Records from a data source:
◇ ◇ ◇ ◇ ◇
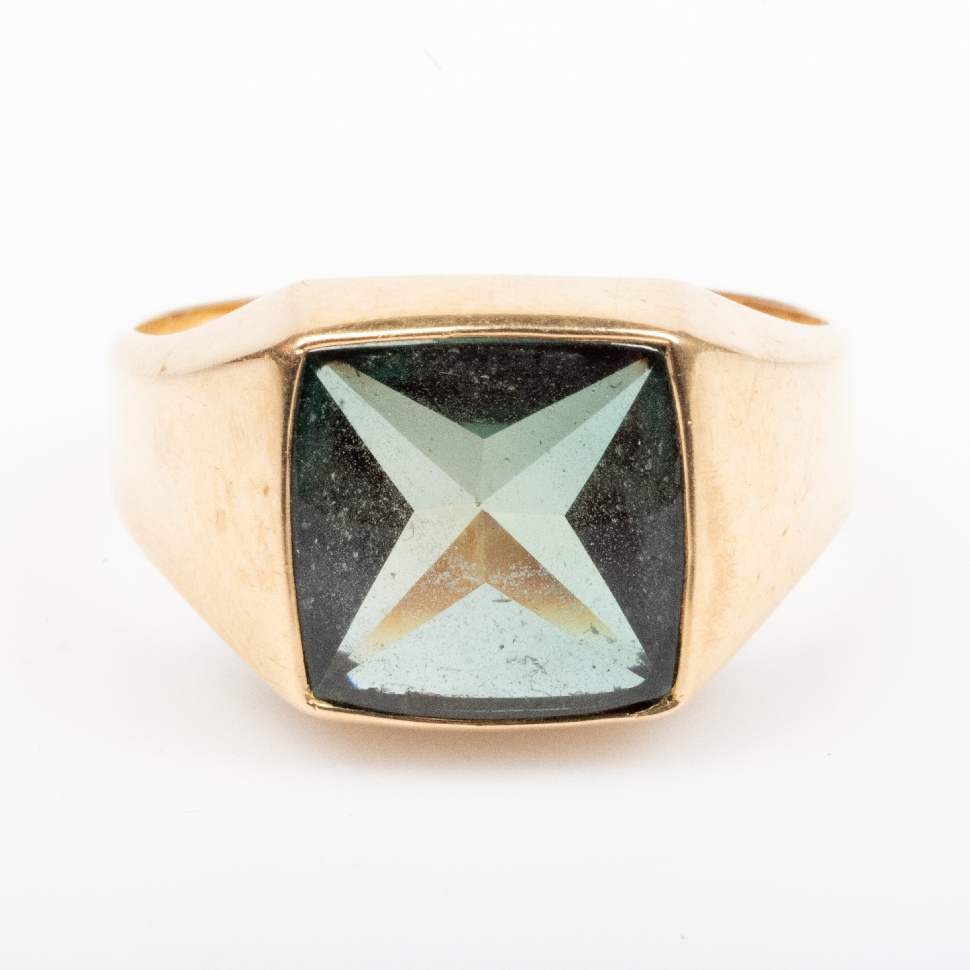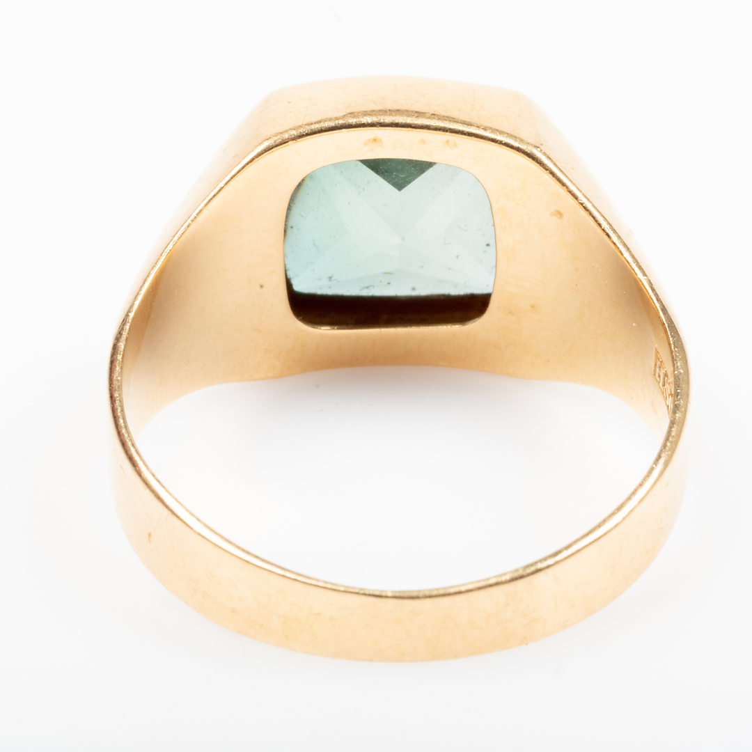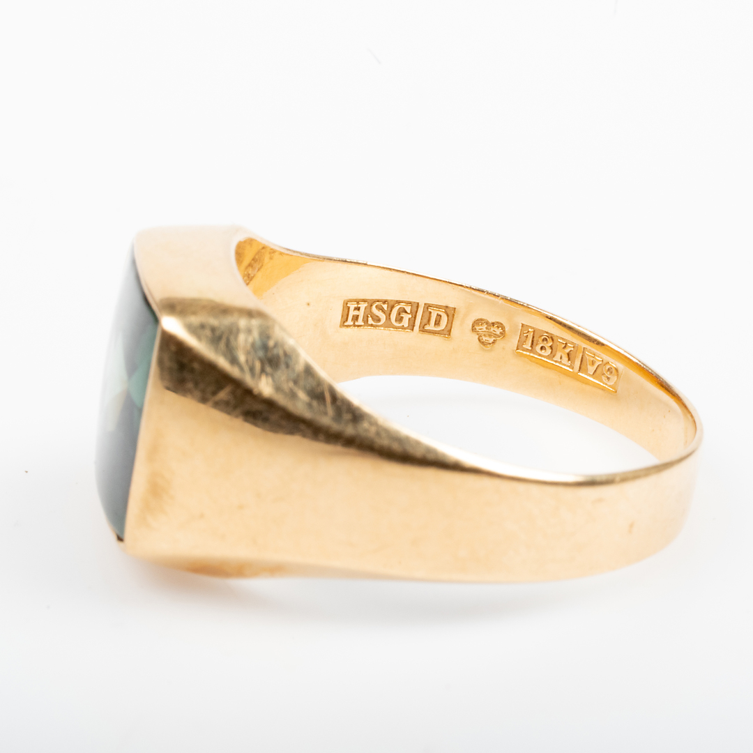 1049257. RING, 18K guld med grøn sten.
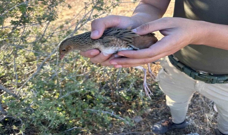 Mersin’de fileli tuzağa takılan ve ölmek üzere olan nesli tükenme tehlikesi altındaki kılavuz bıldırcınını polis kurtardı.
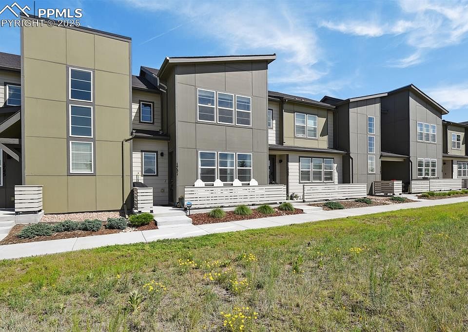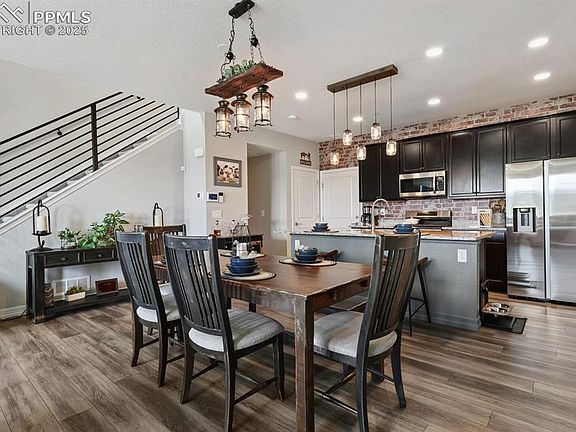 Welcome to low-maintenance living in The District at Victory Ridge! Enjoy direct access to a park with soccer fields, basketball court, workout stations, playground, and beautiful mountain views, right outside your front door. Located in the Academy 20 School District, this 3 bed, 3 bath home offers 1,700 sq ft of well-designed space with luxury vinyl plank flooring and thoughtful upgrades throughout. The open main level features a spacious living area with custom light fixtures and a kitchen equipped with stainless steel appliances, gas range, pantry, and large island perfect for entertaining. Upstairs, the primary suite includes a walk-in closet and private bath with dual vanity. Two additional bedrooms, a full bath, and upper-level laundry with washer and dryer included add everyday convenience. The custom iron stair railing adds a modern design touch, and the tankless hot water heater means you will never run out of hot water again. The front porch overlooks the park and faces south for year-round sunshine. With walkable access to restaurants, shopping, and the movie theater, plus quick connectivity to I-25 and the Interquest corridor. Whether you're sipping coffee on the porch or walking to dinner and a movie, this home makes it easy to enjoy where you live!
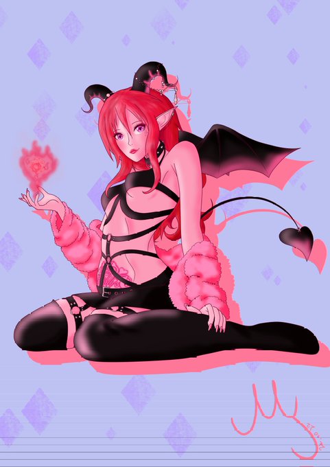 Hey my little sparks ✨ 20h of drawing with no sleep are tough but the end product is worth it! Meet Evilin, my new D&D character. She is an asexual succubus / tiefling that loves to trick people. I'm already excited to play her❤️ #digitalart #DnD #DnDcharacter #dndart #art
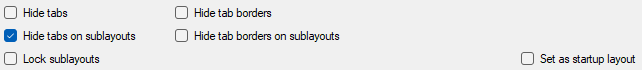 You can use the checkboxes to specify whether the tabs or tabs in subordinate layouts are hidden or displayed, whether the tab border is hidden or displayed in the layout or in subordinate layouts, and to specify a start layout.
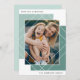 Um design de cartão com fotos de feriado moderno e atraente que apresenta uma foto vertical ou orientada para retratos, enquadrado por blocos de tons sobrepostos em verde-claro e sobreposto com formas de diamante branco para um visual geométrico de blocos coloridos. Personalize com seu cartões de natal personalizado (mostrado com "Feliz Natal"), seu nome de família e o ano.
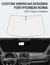 • Certified Sustainable. DESIGNED IN USA!!! Custom Design: The front windshield shade has been custom cut specifically for Hyundai Kona. Precise fit design and Reinforced steel rings make a precise and secure fit to the window, no need to use suction cups to hold it in place. It won't sag or collapse like other car heat shields. Fits for Hyundai Kona 2025 2024 2023 2022 2021 2020 2019 2018.
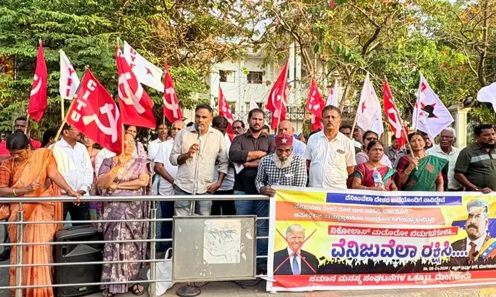 ಮಂಗಳೂರು: ವೆನೆಜುವೆಲಾ ದೇಶದ ಮೇಲೆ ಅಮೇರಿಕಾ ದಾಳಿ ಖಂಡಿಸಿ ಪ್ರತಿಭಟನೆ
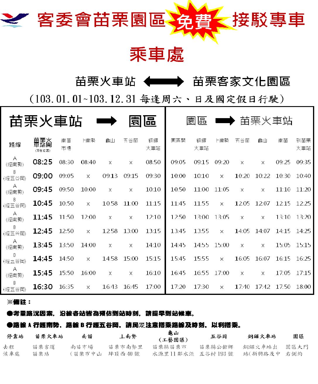 103年客委會苗栗園區免費接駁專車站牌時刻表
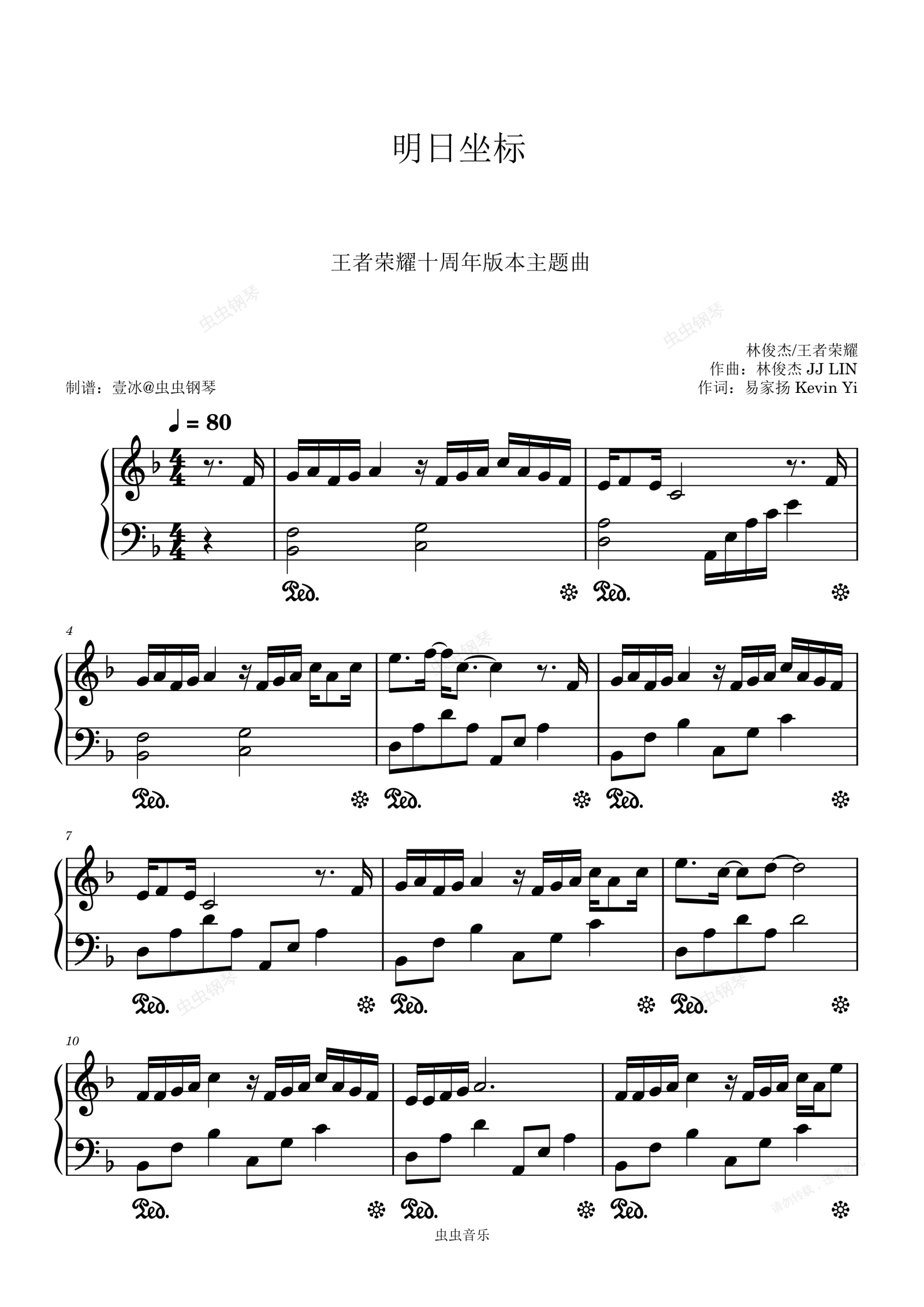钢琴谱:明日坐标 (王者荣耀十周年版本主题曲) - 原调
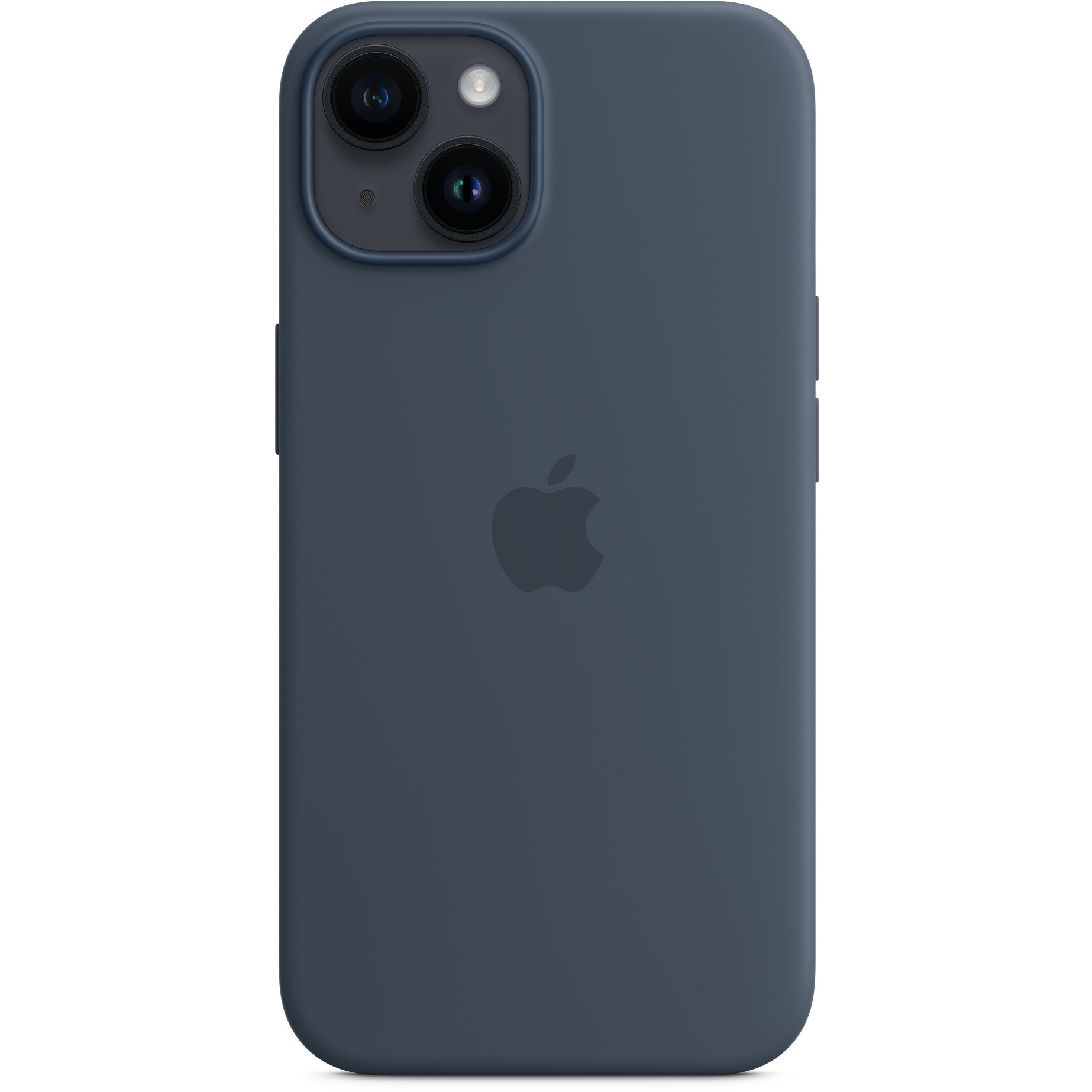 Silicone case for iPhone 14 with MagSafe; Storm Blue; wireless charging compatible; basic protection.
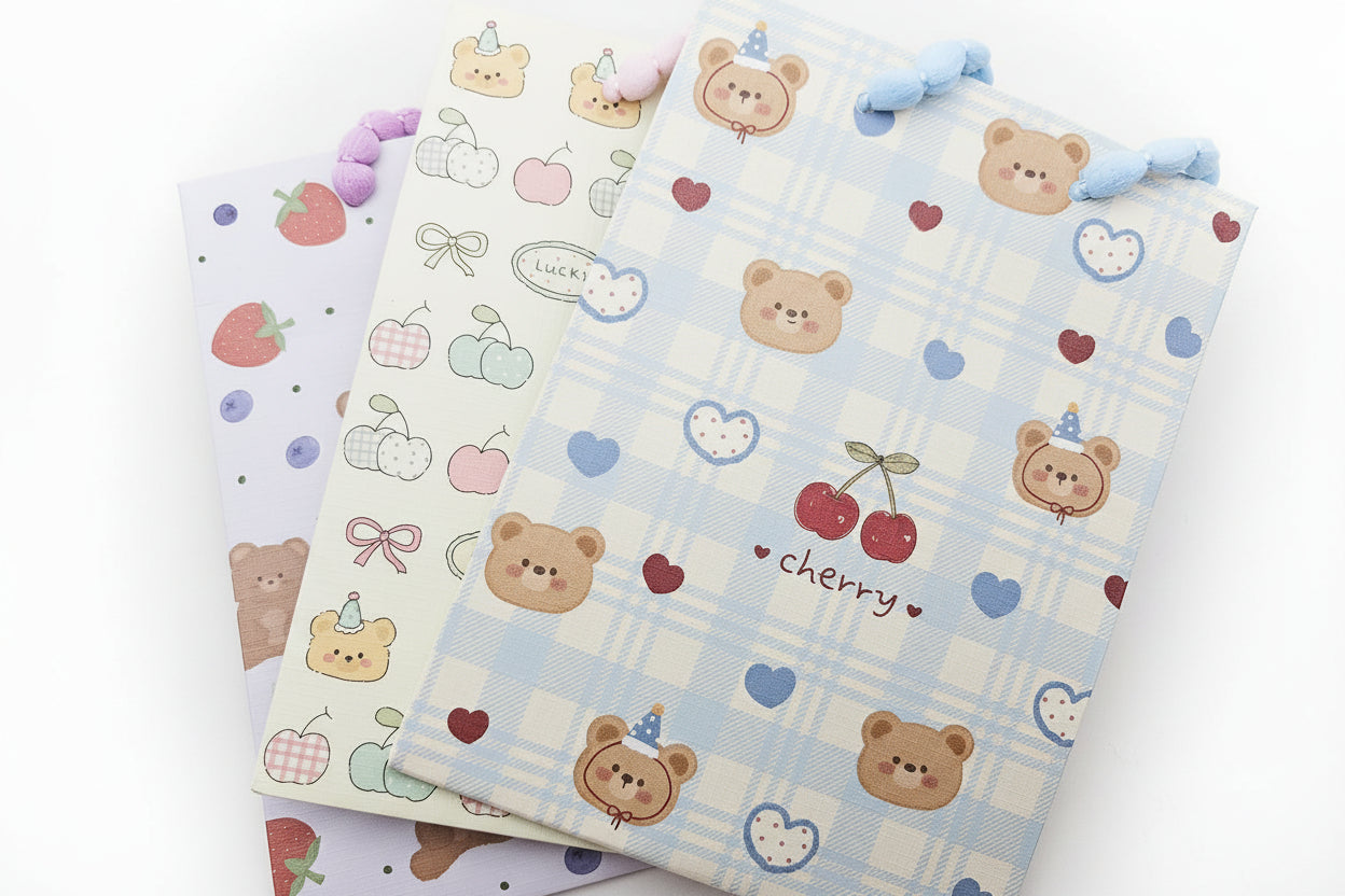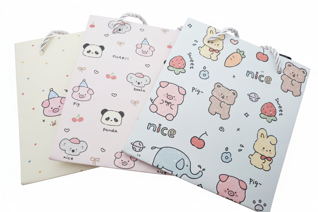 ¡Prepárate para envolver tus tesoros con un arcoíris de dulzura! Nuestra Bolsa de Regalo es la forma más adorable y súper kawaii de entregar felicidad. Cada diseño es una explosión de encanto positivo, perfecta para cualquier ocasión especial. Elige tu favorita entre las vibras amistosas de "Friends", la ternura pura de "Cute", la elegancia adorable de "Nice", o los colores pastel que derriten el corazón: Celeste, Rosado y Morado. ¡Con esta bolsa, cada regalo se convierte en una aventura mágica de alegría y dulzura! Es el toque final irresistible que tu obsequio necesita.
◇ ◇ ◇ ◇ ◇
_Directions_. With the pictures omitted, print precisely the lines from the one with "ಮಂಗಳೂರು: ವೆನೆಜುವೆಲಾ ದೇಶದ" to the final line of the records, both included.

_Result of this exercise_.
 ಮಂಗಳೂರು: ವೆನೆಜುವೆಲಾ ದೇಶದ ಮೇಲೆ ಅಮೇರಿಕಾ ದಾಳಿ ಖಂಡಿಸಿ ಪ್ರತಿಭಟನೆ
 103年客委會苗栗園區免費接駁專車站牌時刻表
钢琴谱:明日坐标 (王者荣耀十周年版本主题曲) - 原调
 Silicone case for iPhone 14 with MagSafe; Storm Blue; wireless charging compatible; basic protection.
 ¡Prepárate para envolver tus tesoros con un arcoíris de dulzura! Nuestra Bolsa de Regalo es la forma más adorable y súper kawaii de entregar felicidad. Cada diseño es una explosión de encanto positivo, perfecta para cualquier ocasión especial. Elige tu favorita entre las vibras amistosas de "Friends", la ternura pura de "Cute", la elegancia adorable de "Nice", o los colores pastel que derriten el corazón: Celeste, Rosado y Morado. ¡Con esta bolsa, cada regalo se convierte en una aventura mágica de alegría y dulzura! Es el toque final irresistible que tu obsequio necesita.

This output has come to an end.